Most business owners still think of merch as a cheap giveaway, something you slap a logo on and hand out at a trade show because you feel like you have to check a box. 

That kind of thinking doesn’t hold up anymore. People are worn out from ads shouting at them all day from every screen they own. But a shirt someone wears or a bottle they carry around all day? That’s personal in a way a banner ad never will be. You can’t skip it or fast forward through it. 

Merch has quietly become one of the best tools a brand has for building a real connection with people, and the business owners who catch on are glad they did.

Folks want fewer things, but better things. 

Nobody needs more junk cluttering a drawer. What people actually want is one good item they’ll reach for again and again. A cheap product that falls apart doesn’t just get tossed in the trash. It makes people think a little less of your brand too. Durability, design, and thoughtful materials decide whether something earns a permanent spot in someone’s life or gets buried in a closet. One great item beats a stack of forgettable ones every time. Buy something people will genuinely use.

Retail quality is the new baseline, plain and simple.

People want branded stuff that feels like something they’d buy for themselves, not something they got tossed at them for free. Better materials, cleaner design, sturdier build. Next time you’re at the airport, look around at what logoed gear people are actually wearing with pride. It’s almost always the stuff that looks like it came off a store shelf instead of out of a bargain bin. 

Here’s a fun gut check: would someone pick this item if it had no logo on it at all? 

The experience around the product matters just as much as the product itself. 

Handing someone an item at a trade show and then letting them just walk away doesn’t cut it. The best brand moments build in some kind of fun interaction, like letting someone customize their item on the spot or creating a little moment worth remembering. “Give me your email and I’ll give you a pen” doesn’t land. People want to feel something, not just receive something. Ask yourself how your merch creates a moment, not just a handout. How should the recipient feel? 

The classics still work. They’ve just leveled up.

Apparel, drinkware, bags, and tech remain some of the strongest categories out there because they fit right into everyday routines and get seen and used over and over. Expectations have grown. Apparel needs a modern fit and softer material these days. Drinkware and bags need better design with sustainability in mind. Tech needs to feel current, not clunky. You don’t need to reinvent what you’re giving away. You just need to raise the quality. A familiar item done well beats a gimmick that feels cheap and disposable.

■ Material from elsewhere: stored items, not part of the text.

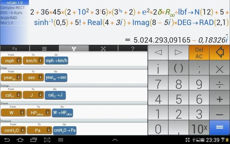 THIS IS → rvCALC !! ▪ An application that can be used as a Scientific Calculator and also as a Standard and Simple Calculator ▪ A fully featured Scientific Calculator with a lot of Functions, Math & Physics Constants, Complex Numbers, Auto-Correction Features and a complete set of Unit Conversions ▪ INTUITIVE and very EASY TO USE, even in Scientific Mode ▪ A must have for highschool, university and at work !! ❶ STANDARD and SCIENTIFIC modes This calculator has two modes of operations with an ergonomic design: ▪ STANDARD: Vertical orientation ▪ SCIENTIFIC: Horizontal orientation To change from Standard to Scientific and from Scientific to Standard you just need to rotate your screen. ❷ COMPREHENSIVE SCIENTIFIC FUNCTIONS This calculator has a broad and comprehensive set of scientific functions that differentiate it from any other in the market: ▪ Complex & Real Numbers ▪ Math Functions: +50 ▪ Math & Physics Constants: 30 ▪ Unit Conversion: 200 units in 13 groups ▪ Configurable Options ❸ INNOVATIVE FEATURES Includes new and very useful Auto-Correction Features that are automatically available in real time "As you Type": ▪ Automatic Error Detection and Visualization ▪ Automatic Error Correction ▪ Automatic Parenthesis Evaluation ▪ Automatic Exponential Functions Evaluation ▪ Automatic Operators ❹ FORMULA HISTORY Formula History allow you to review, modify and/or re-use your work ❺ INFORMATION & MANUAL ▪ https://sites.google.com/site/rvcalc2013/ ▪ Very complete and clear manual ▪ General Description ▪ How to Use ▪ Functions ▪ Constants ▪ Unit Conversion ▪ Options ❻ OPTIONS ▪ Real and Complex numbers (Paid version) ▪ Engeneering, Scientific and Fix numbers ▪ Complex Numbers in Rectangular and Polar notation (Paid version) ▪ Number of Digits: 4 to 16 ▪ Angle Units: RAD, DEG, GRA ❼ MATH FUNCTIONS (50 functions) ▪ General Functions ▪ Exponential & Logaritmic ▪ Trigonometric ▪ Trigonometric - Additional (Paid version) ▪ Hyperbolic ▪ Hyperbolic - Additional (Paid version) ▪ Statistics (Paid version) ▪ Complex Numbers (Paid version) ❽ UNIT CONVERTION FUNCTIONS (200 units) ▪ Angle ▪ Temperature ▪ Distance / Length ▪ Astronomical Distance (Paid version) ▪ Area ▪ Volume ▪ Force (Paid version) ▪ Mass (Paid version) ▪ Speed ▪ Time (Paid version) ▪ Energy (Paid version) ▪ Power (Paid version) ▪ Pressure (Paid version) ❾ MOBILE PHONES and TABLETS Available for Android Phones & Tablets ⑩ WISH LIST Post feature request into the following site: ▪ https://sites.google.com/site/rvcalc2013/ ⑪ ERROR REPORT Send error reports to the developer via email: ▪ prbSwDev@gmail.com (subject: ERROR - xxx)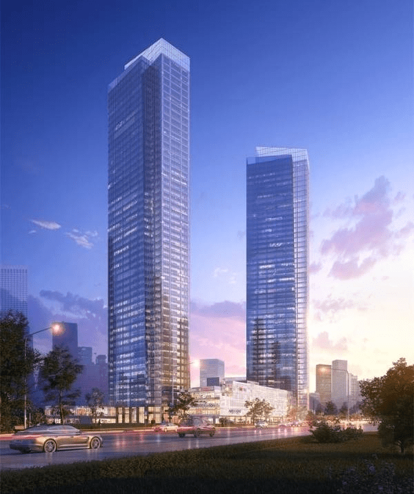 它坐落于 钱江世纪城金鸡路与利一路交叉口 ,直线距钱塘江仅 450米 ,240米超高层双塔直插云霄,是奥体板块 海拔最高、视野最广 的江景大平层项目。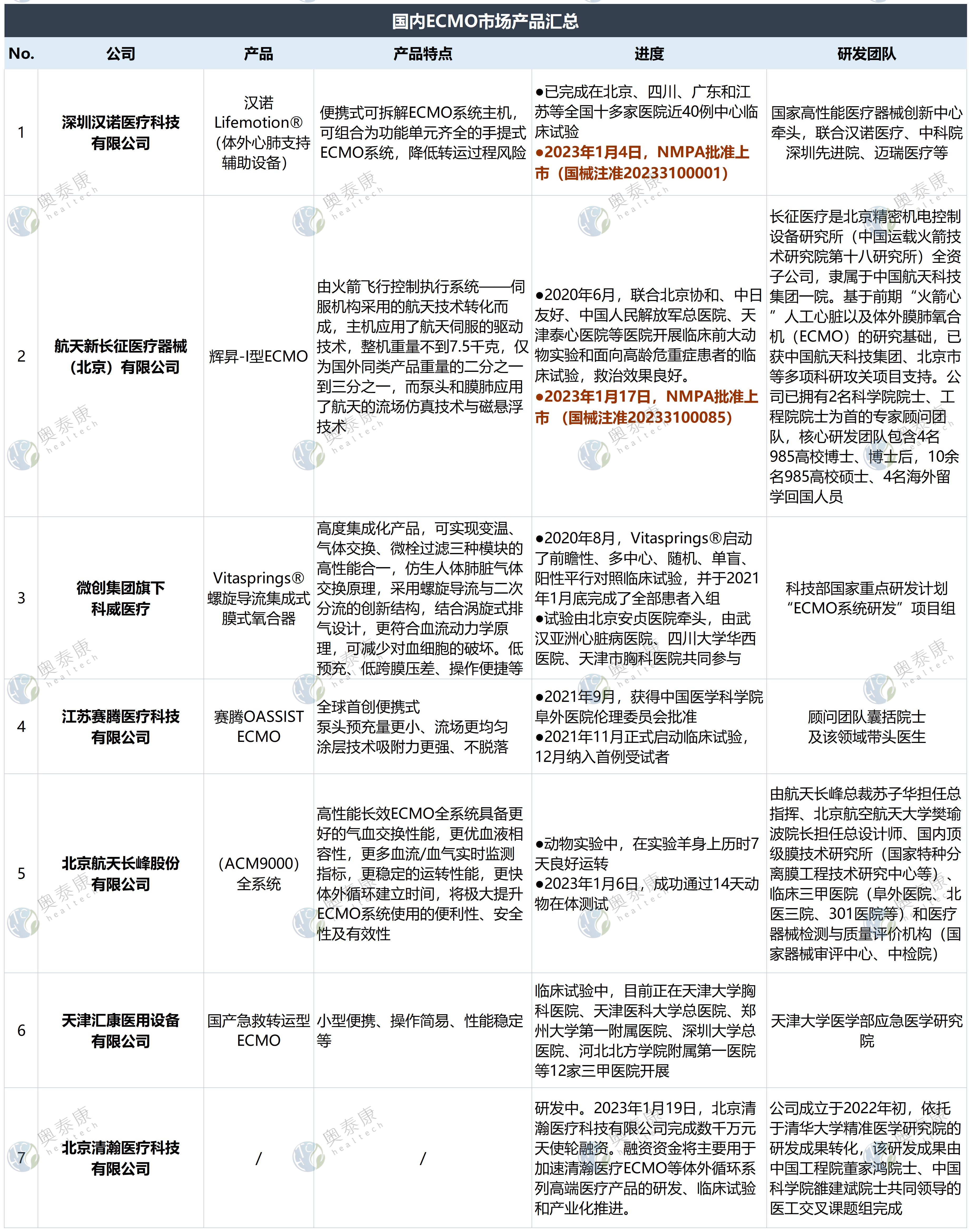 國(guó)內(nèi)ECMO產(chǎn)品研發(fā)進(jìn)度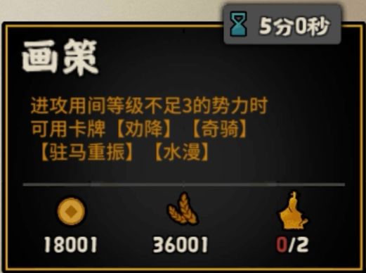 满足前置条件进攻用间等级不足3的势力后,可以获得四张卡牌。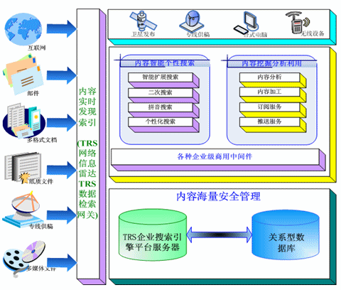TRS公司推出的企業(yè)搜索引擎解決方案,利用TRS公司多年來自主開發(fā)的TRS Database Server作為企業(yè)搜索引擎服務(wù)的平臺?梢詫㈦娦牌髽I(yè)內(nèi)外部多種格式、多種介質(zhì)形態(tài)、多種存儲方式的內(nèi)容信息,以實時的方式將這些信息進(jìn)行索引。并且在索引的過程中力求能夠做到準(zhǔn)確,并配合以相關(guān)智能語言技術(shù)做信息的去重、自動標(biāo)引等能力。其框架如圖:

Sustainability isn’t a “nice to have” anymore. 

This is especially true with younger recipients, who pay close attention to what a product is made of and where it came from. They want real transparency about materials and sourcing. If you’re going the sustainable route, weave that story into how you talk about the item instead of burying it as a footnote nobody reads.

None of this is complicated. It just means merch deserves a real seat at the table when you’re planning a campaign, instead of getting squeezed in as an afterthought. A well-chosen item can stick around in someone’s life for months or even years. It becomes part of their daily routine, something they show off to friends, something that brings your brand to mind every time they use it.

If you want your merch to actually work for you, put some thought into design, quality, and relevance before you even glance at the price tag. Pick items people will genuinely want to keep, not just accept because it happened to be free. 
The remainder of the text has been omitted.